El estreno de El tiempo perdido, tercer trabajo de la cineasta María Álvarez, marca dos hitos. Por un lado, el estreno comercial de la segunda película dirigida por ella en lo que va de 2022 (la anterior fue Las Cercanas, donde retrata a las nonagenarias hermanas Cavallini, dos pianistas que alcanzaron cierta notoriedad en su juventud). Por el otro, el cierre formal de una trilogía que parece haberse dado de forma natural a partir de Las cinéphilas, su ópera prima, en la que presenta a un grupo disperso de mujeres mayores que mantienen vínculos intensos con el cine y las películas. En El tiempo perdido Álvarez registra los encuentros semanales que una comunidad de personas, también mayores, realizan desde hace casi 20 años en un bar frente a la plaza de los Tribunales. Ahí se dedican a leer una y otra vez los siete volúmenes que componen En busca del tiempo perdido, la monumental obra cumbre de Marcel Proust.

Pero si se puede pensar a El tiempo perdido –premio a la Mejor Película Argentina en el Festival de Mar del Plata 2021y que se podrá ver todos los sábados de noviembre a las 20 en el Malba (Figueroa Alcorta 3415)- como parte de una trilogía es a partir de ciertas coincidencias que enlazan a tres películas cinematográficamente muy diversas. Se trata de relatos que abordan la vejez como una parte más del recorrido vital, sin machacar sobre su condición de fase final y evitando los tonos trágicos o lúgubres, pero también sin dulcificaciones innecesarias. “Es una especie de trilogía involuntaria y cada película partió desde motivaciones muy distintas, aunque las tres están atravesadas por ese hilo contundente del paso del tiempo”, reconoce Álvarez. Pero la directora también señala que nunca puso el foco “en la edad de las protagonistas, ni imaginaba que terminaría haciendo tres películas con gente que promedia los ochenta años”.

-Pero ese no es el único tema que atraviesa las películas. Cada una retrata la relación de sus protagonistas con distintas artes, como cine, literatura y música. ¿Dirías que esa pasión compartida hace que en tus películas la vejez sea una fase tan fervorosamente vital?

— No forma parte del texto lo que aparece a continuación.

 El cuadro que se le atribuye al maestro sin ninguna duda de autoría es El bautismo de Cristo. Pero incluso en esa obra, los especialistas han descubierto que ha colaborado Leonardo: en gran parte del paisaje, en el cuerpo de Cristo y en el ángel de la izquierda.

-El arte es una religión que ayuda a transitar la realidad cotidiana y las dificultades del paso del tiempo. Cine, literatura y música alimentan una parte de nuestra existencia que, en caso de quedar famélica, puede drenar el entusiasmo. Siento que la vejez es una mierda físicamente pero, si se tiene algo de autoconciencia y curiosidad por el misterio que es vivir, en cuanto a lo intelectual y a lo emocional todo se va poniendo cada vez mejor (si la mente sigue funcionando bien). Lo que perdemos por un lado lo compensamos por otro y el arte tiene que ver con eso: te mantiene despierto y te salva de una existencia limitada. Es ese mundo paralelo al que recurrir cuando lo cotidiano se vuelve abrumador o aterradoramente aburrido. No me imagino envejeciendo sin aferrarme al arte y supongo que por eso realicé estos documentales, para explorar estas cuestiones.

-La actividad de los “personajes” podría definirse como proustiana, tanto por su obsesión con la obra como por esa deriva que define la relación entre ellos y modifica la percepción real del tiempo. ¿Tus películas también encajan en la categoría de lo proustiano?

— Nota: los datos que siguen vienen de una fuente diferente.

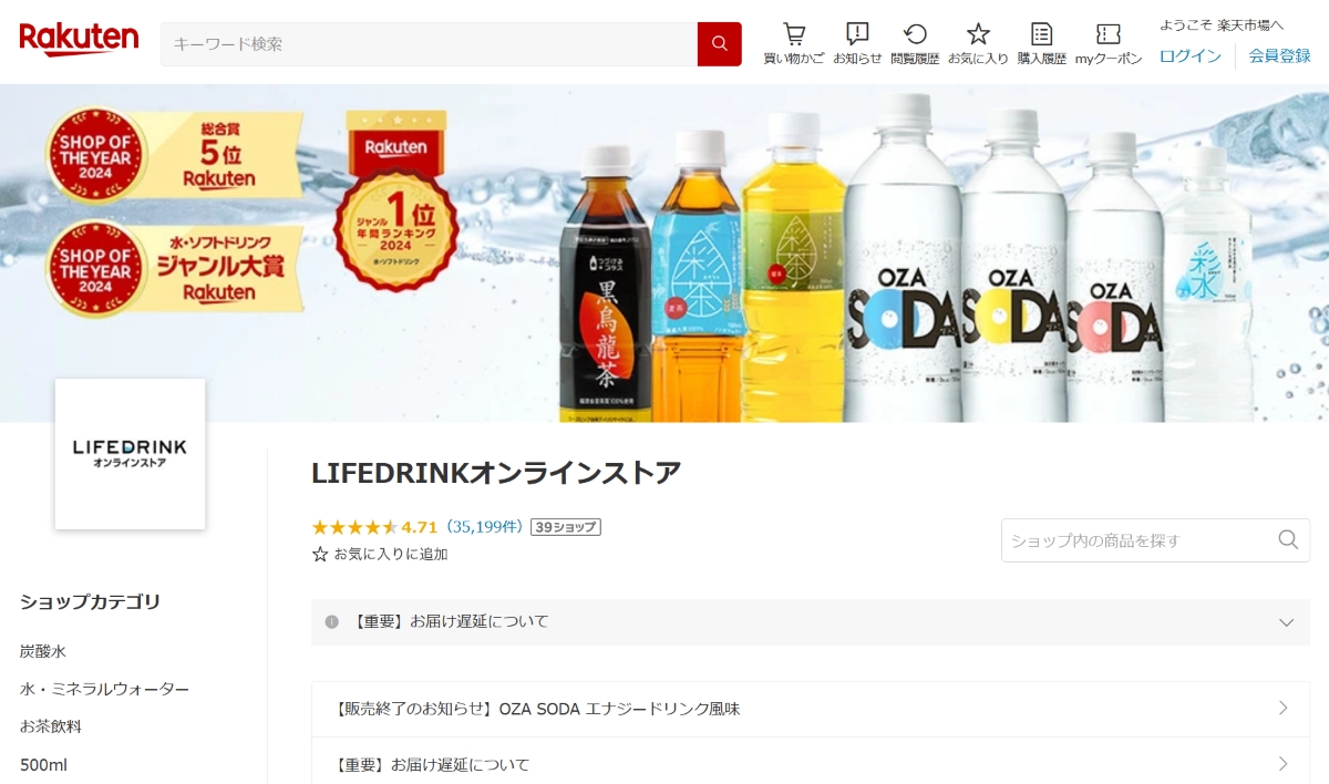 同社の最大の強みは、年間約4700万ケースのペットボトル飲料を製造販売しているというスケールメリットによる価格の安さだ。加糖飲料などと違い、無糖炭酸水のように味に大きな差がない商品では、価格の訴求力が強みになる。LIFEDRINKオンラインストア 楽天市場店の人気商品であるOZA SODA 500ml×24本は、送料無料で通常価格1429円~(2025年8月時点)。48本入のまとめ買いなら1本あたりの価格がさらに安くなるという。

-Quizás algo que relaciona mi trabajo en esta trilogía con cierta estética proustiana es poner la mirada en gente y cosas muy simples, en lo cercano, en determinados actos y personas que están a la vista de todos, pero que a priori no parecerían tener una cualidad “protagónica” o lo suficientemente “dramática” para sobrellevar el peso de una película. Pero estas personas, que pasan desapercibidas para la mayoría, son mundos muy complejos, universos únicos. En El tiempo perdido deliberadamente tomé de referencia la forma de mirar el mundo que propone Marcel Proust y traté de observar a través de la cámara como el narrador de la novela. El trabajo de montaje estuvo guiado de algún modo por su obra.

-En El tiempo perdido hay un trabajo muy fino para lograr que ese espíritu proustiano vaya más allá de lo evidente. Una labor artesanal para generar momentos trascendentes a partir de situaciones de apariencia trivial. ¿Cuál era tu relación con la novela antes de conocer al grupo? ¿La película cambió tu percepción de la obra?

-Antes de conocerlos, para mí Proust era ese escritor francés que se acuerda de toda su vida mientras come una magdalena. Sabía que su novela era descomunal y nunca se me había pasado por la cabeza leerla. Cuando empecé a filmar las reuniones no sabía si iba a poder hacer una película, sólo quería tener un registro de esa gente leyendo siempre el mismo libro por años. Algo me conmovió de ese acto de resistencia. Ahí empecé a leer En busca del tiempo perdido y a partir de eso apareció la confianza en que quizás había una película. Entonces, creo que fue al revés: la obra de Proust modificó la percepción sobre mi propio trabajo.

-Las cinéphilas se basa en los retratos individuales de un grupo de mujeres y Las cercanas en el vínculo entre dos gemelas. Pero en El tiempo perdido trabajás con una comunidad que teje una red de relaciones. ¿Qué desafío enfrentaste al retratar un personaje colectivo?

-El tiempo perdido es una obra impresionista. Los “personajes” son pinceladas de distintos tonos que van conformando la imagen final, el retrato grupal. En el montaje esto presenta el desafío de equilibrar a los protagonistas y al mismo tiempo de encontrarle el color particular a cada uno para que podamos identificarlos. Esto es algo bastante más difícil que retratar a una sola persona, o retratar a las personas por separado. Siento que también ayuda a que cada uno, de acuerdo a su propia sensibilidad, empatice de maneras distintas con cada protagonista. Y esto es algo a favor del retrato grupal, porque en un retrato individual si el espectador no empatiza con la o el protagonista la película se hunde. En el retrato grupal hay más puntos de anclaje para que el espectador se reconozca en alguien dentro de la narración.

-La trilogía desborda figuras increíbles. Las devotas del cine en Las cinéphilas; la historia de las hermanas pianistas de Las cercanas, que es casi un cuento fantástico; y este grupo que se junta hace 20 años a leer el mismo libro. ¿Cómo llegaste a esos universos? ¿Hubo una especie de casting de historias o fue algo más parecido al destino (o a la predestinación) lo que hizo que un día te las cruzaras?

 

-Como denominador común lo único que puedo decir es que en su génesis hay un estado de apertura emocional y creativa. Este estado no es estable, fluctúa, y cuando aparece se vuelve muy valioso para mí, es como un estado de gracia en donde estoy más conectada conmigo y con el entorno. Y de alguna manera veo más y mejor. Después, es un misterio por qué una idea concreta o un encuentro casual terminan siendo una película y muchas otras ideas se quedan en la nada. Como los pimientos de Padrón: “unos pican y otros no”.